Exercise data
Segment Open

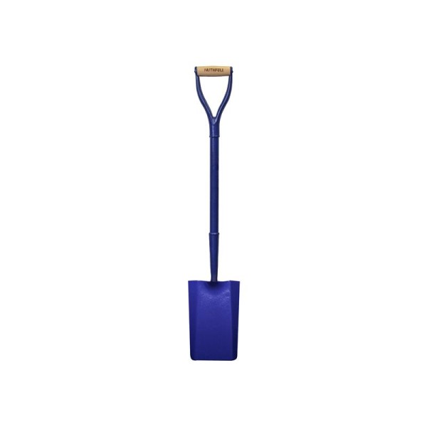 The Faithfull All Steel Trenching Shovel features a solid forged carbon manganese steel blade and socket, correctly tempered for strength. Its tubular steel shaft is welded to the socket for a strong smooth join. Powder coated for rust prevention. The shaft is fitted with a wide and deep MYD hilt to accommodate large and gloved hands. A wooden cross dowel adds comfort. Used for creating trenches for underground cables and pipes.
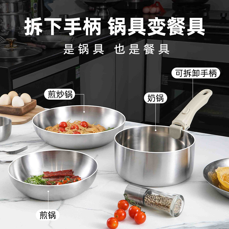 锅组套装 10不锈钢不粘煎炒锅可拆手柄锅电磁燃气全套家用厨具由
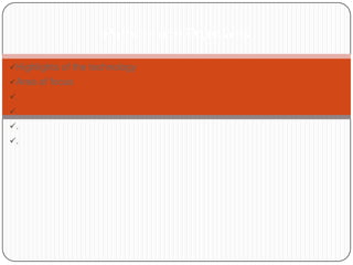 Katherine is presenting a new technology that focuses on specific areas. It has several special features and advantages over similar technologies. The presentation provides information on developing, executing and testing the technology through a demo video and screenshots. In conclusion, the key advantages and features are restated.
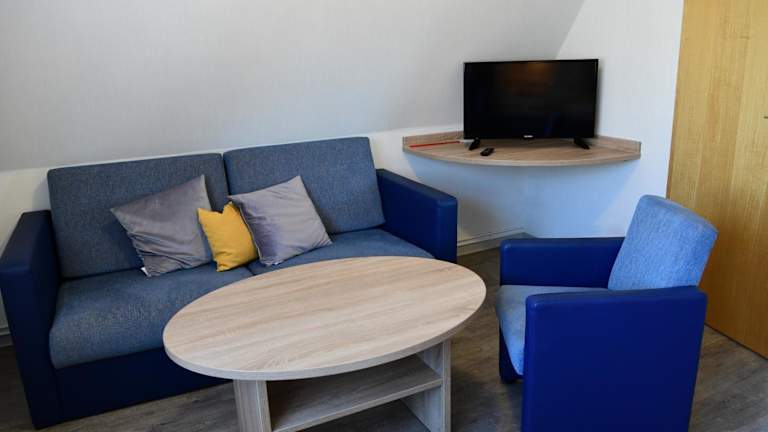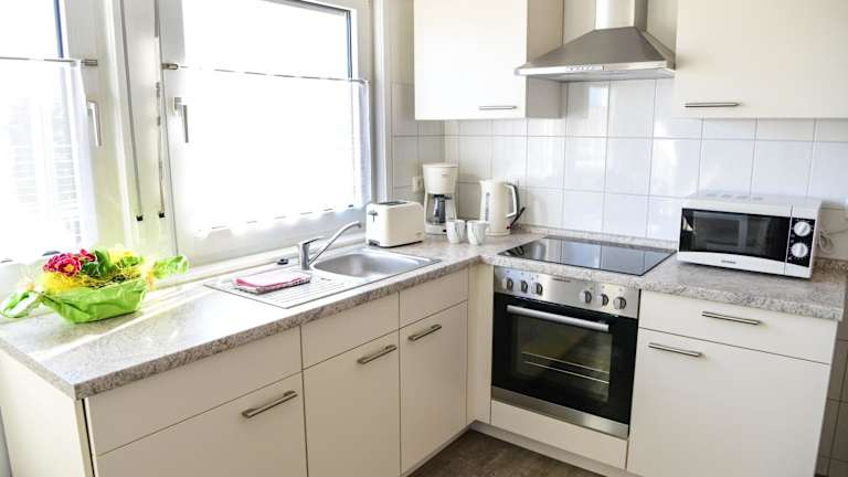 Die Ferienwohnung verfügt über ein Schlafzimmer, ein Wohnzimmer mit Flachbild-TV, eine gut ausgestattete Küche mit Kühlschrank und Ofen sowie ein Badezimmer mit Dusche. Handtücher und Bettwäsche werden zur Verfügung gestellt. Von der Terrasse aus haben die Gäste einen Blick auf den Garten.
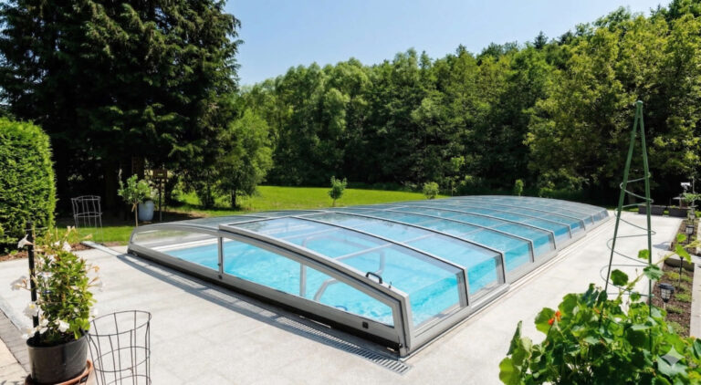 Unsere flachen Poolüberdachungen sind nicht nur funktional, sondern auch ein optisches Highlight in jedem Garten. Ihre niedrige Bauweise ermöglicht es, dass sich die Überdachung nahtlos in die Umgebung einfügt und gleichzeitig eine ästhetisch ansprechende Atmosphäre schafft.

Segment Closed
Segment Open

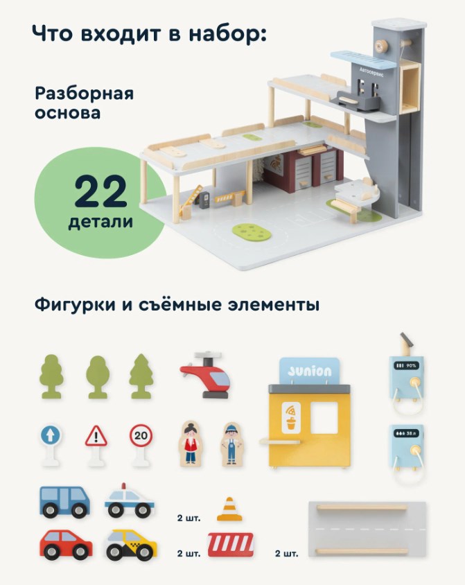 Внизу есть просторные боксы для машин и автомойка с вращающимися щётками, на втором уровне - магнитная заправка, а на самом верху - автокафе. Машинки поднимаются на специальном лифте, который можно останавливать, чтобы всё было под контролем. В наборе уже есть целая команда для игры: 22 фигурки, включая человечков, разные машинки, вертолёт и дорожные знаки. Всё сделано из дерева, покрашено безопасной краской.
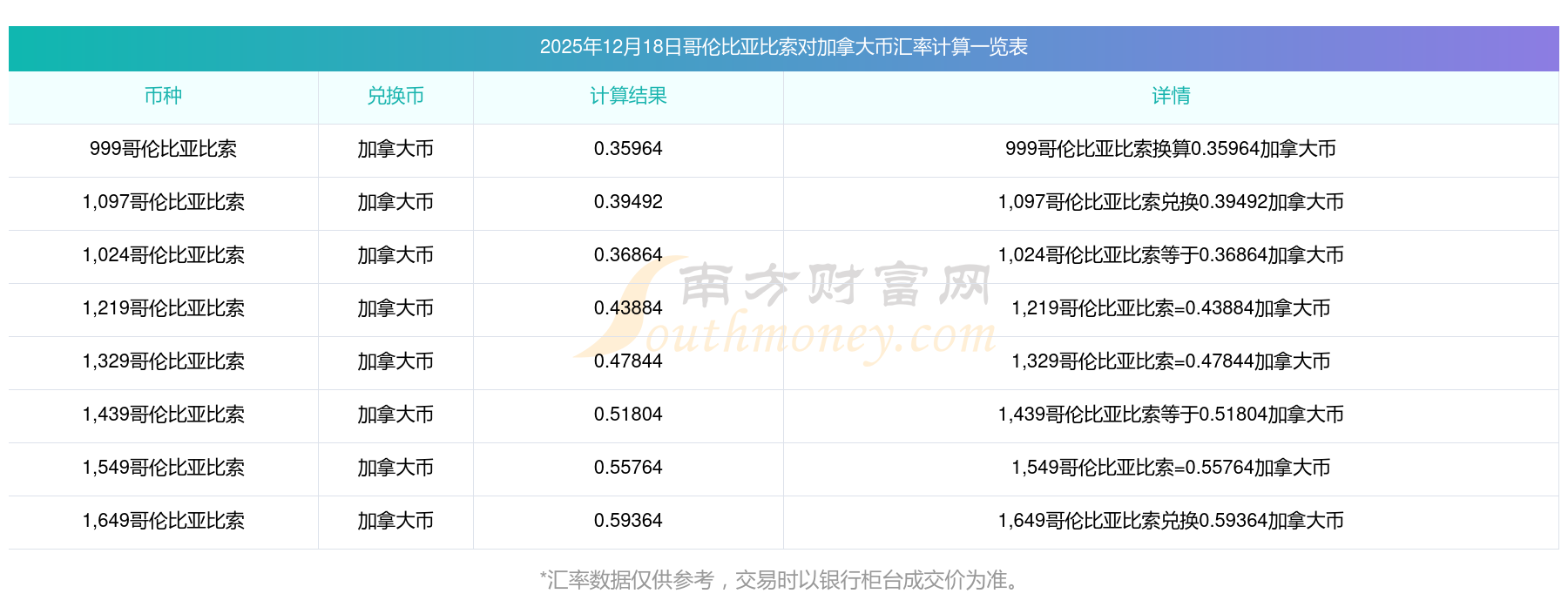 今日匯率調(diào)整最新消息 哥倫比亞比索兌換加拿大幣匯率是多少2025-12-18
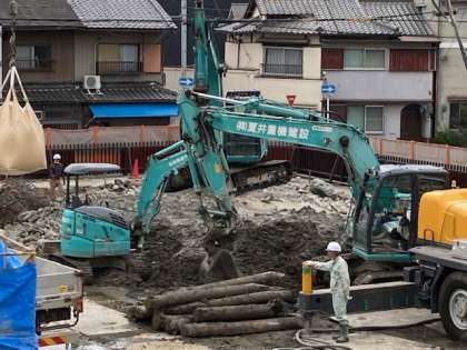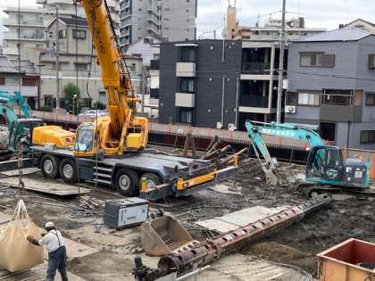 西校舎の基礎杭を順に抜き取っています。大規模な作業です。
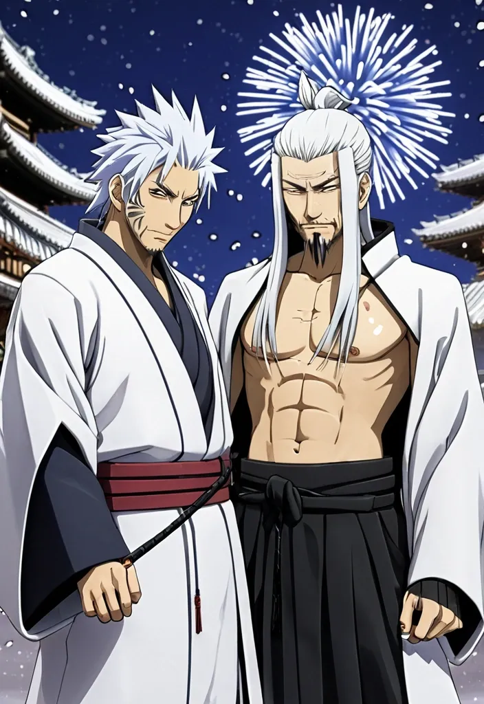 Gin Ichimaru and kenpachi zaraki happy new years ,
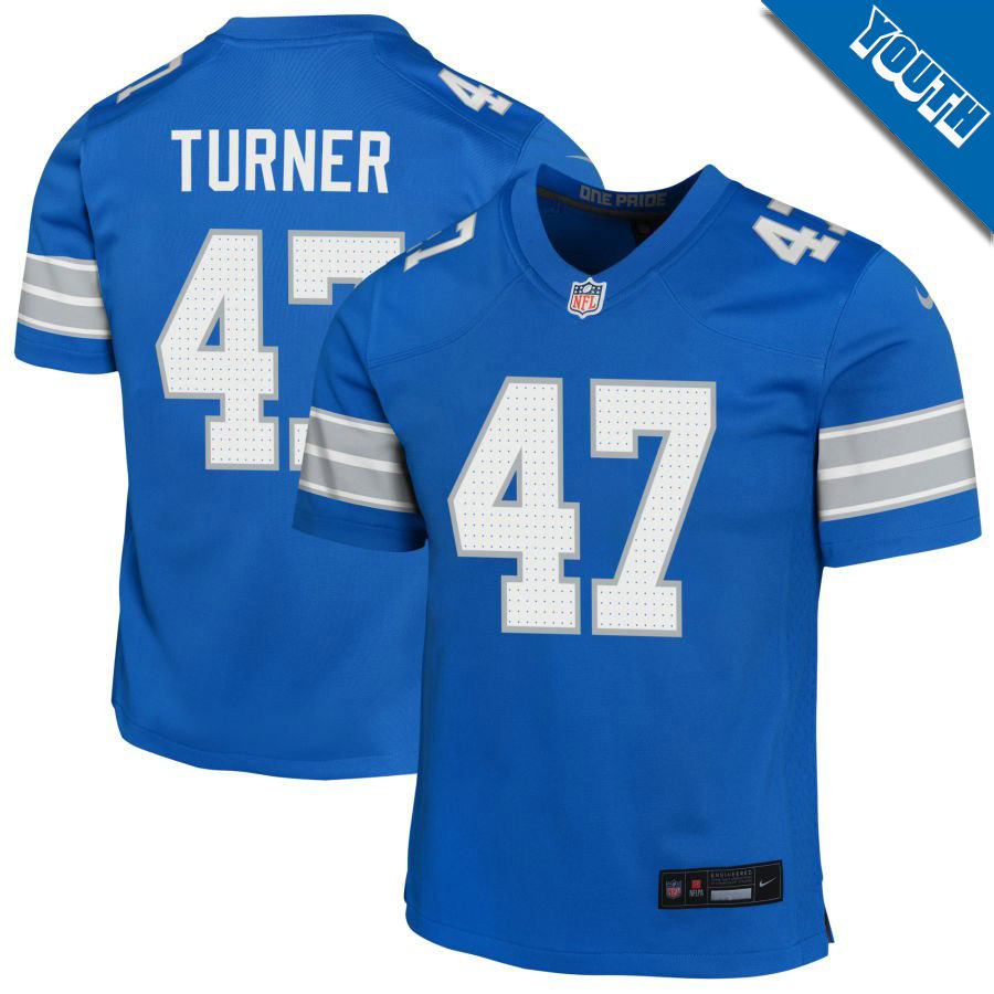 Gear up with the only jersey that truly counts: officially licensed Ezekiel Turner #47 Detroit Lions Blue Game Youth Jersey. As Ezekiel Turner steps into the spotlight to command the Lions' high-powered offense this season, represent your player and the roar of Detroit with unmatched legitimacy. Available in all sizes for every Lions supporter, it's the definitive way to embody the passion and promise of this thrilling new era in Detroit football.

Segment Closed
Segment Open

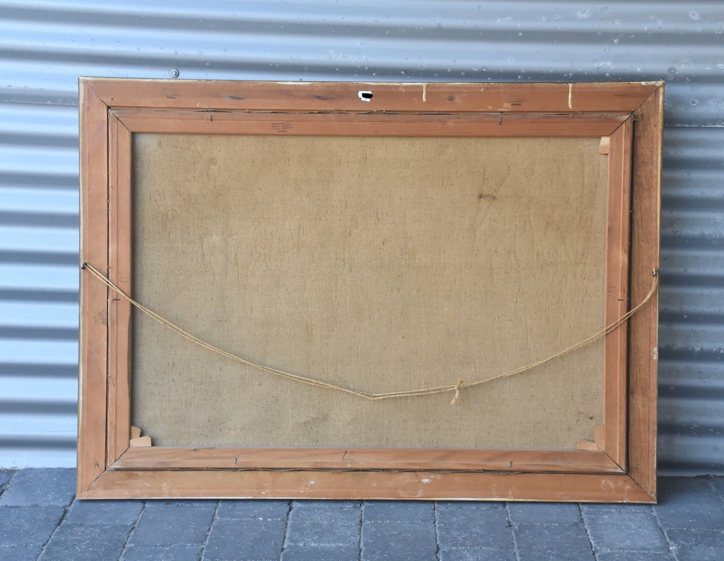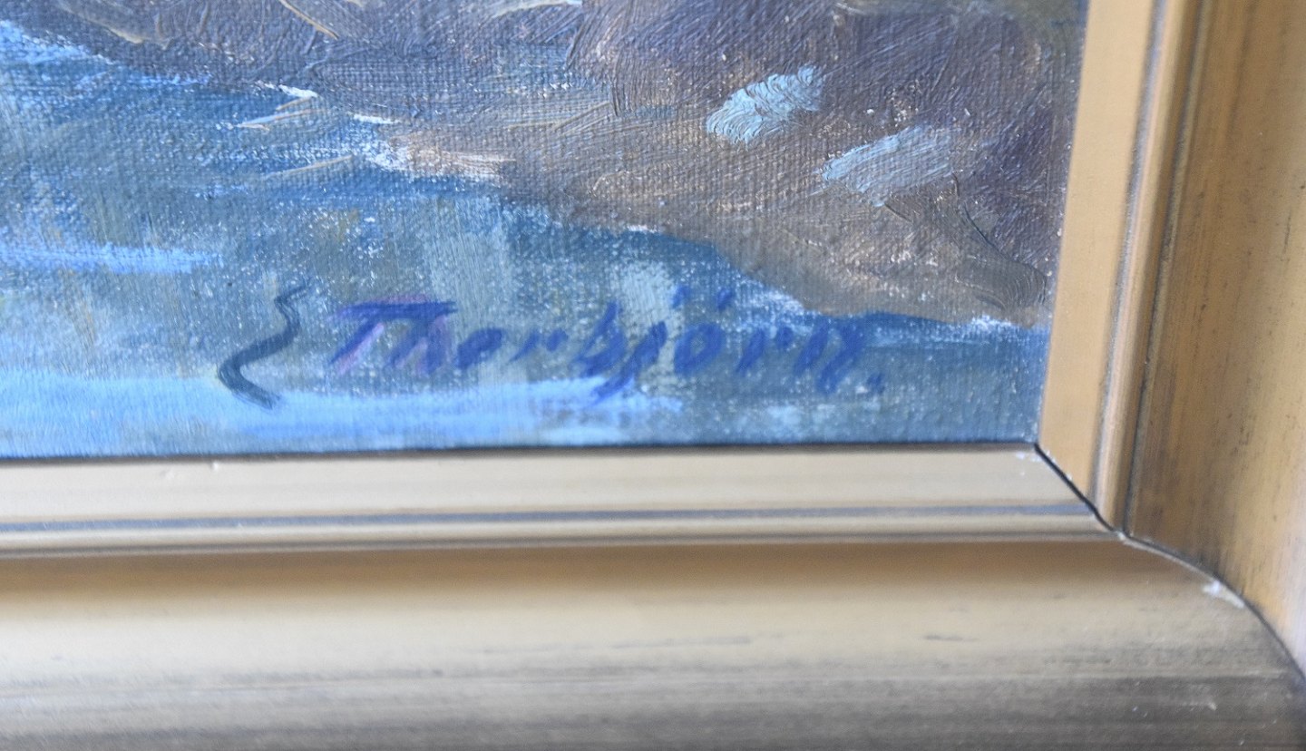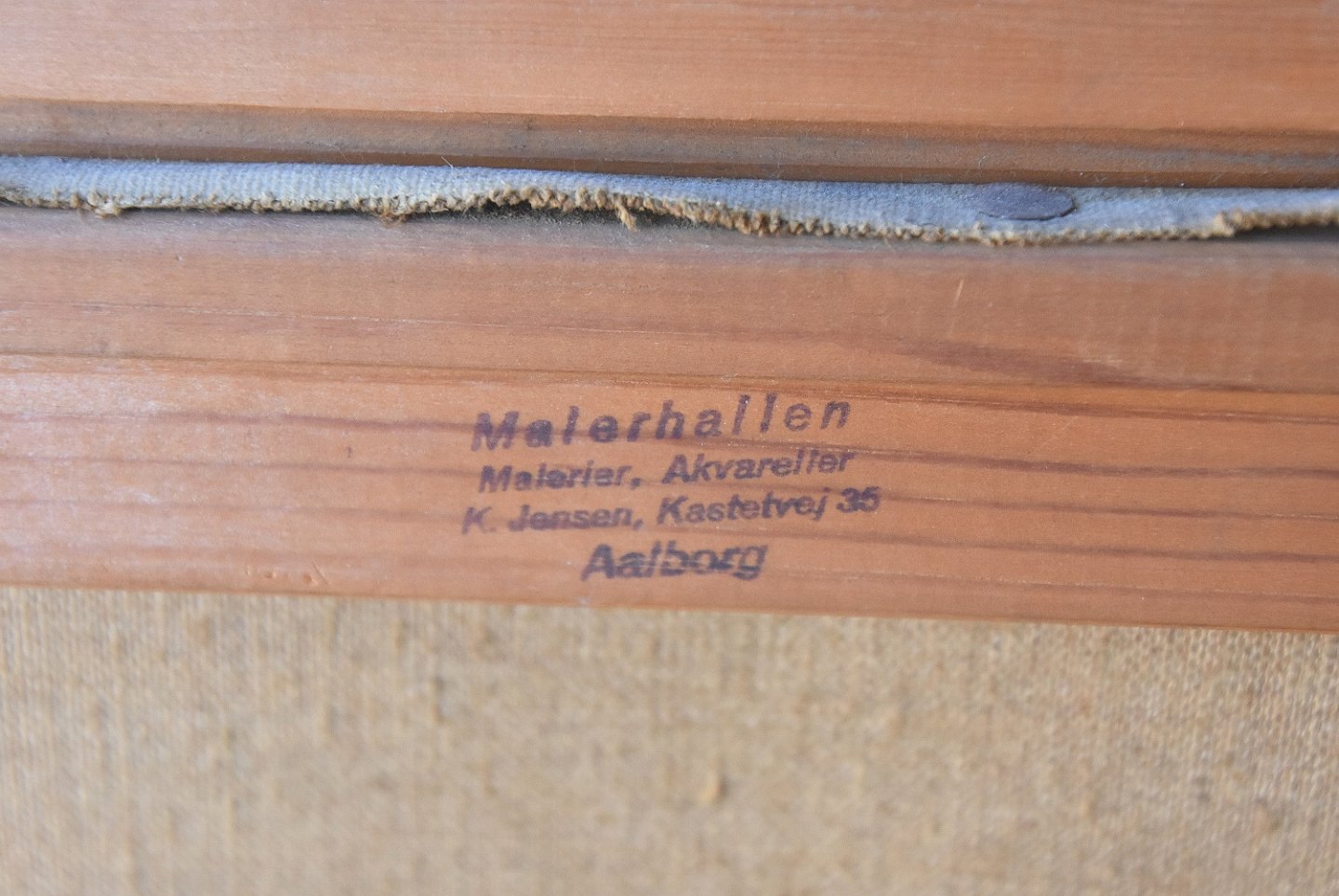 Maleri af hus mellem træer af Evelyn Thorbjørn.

Segment Closed

What is required
Give back exactly, and solely, the section of the data above bounded by the line containing "Внизу есть просторные" and the line containing "Gear up with", both bounding lines included and pictures omitted.

Response
 Внизу есть просторные боксы для машин и автомойка с вращающимися щётками, на втором уровне - магнитная заправка, а на самом верху - автокафе. Машинки поднимаются на специальном лифте, который можно останавливать, чтобы всё было под контролем. В наборе уже есть целая команда для игры: 22 фигурки, включая человечков, разные машинки, вертолёт и дорожные знаки. Всё сделано из дерева, покрашено безопасной краской.
 今日匯率調(diào)整最新消息 哥倫比亞比索兌換加拿大幣匯率是多少2025-12-18
 西校舎の基礎杭を順に抜き取っています。大規模な作業です。
 Gin Ichimaru and kenpachi zaraki happy new years ,
 Gear up with the only jersey that truly counts: officially licensed Ezekiel Turner #47 Detroit Lions Blue Game Youth Jersey. As Ezekiel Turner steps into the spotlight to command the Lions' high-powered offense this season, represent your player and the roar of Detroit with unmatched legitimacy. Available in all sizes for every Lions supporter, it's the definitive way to embody the passion and promise of this thrilling new era in Detroit football.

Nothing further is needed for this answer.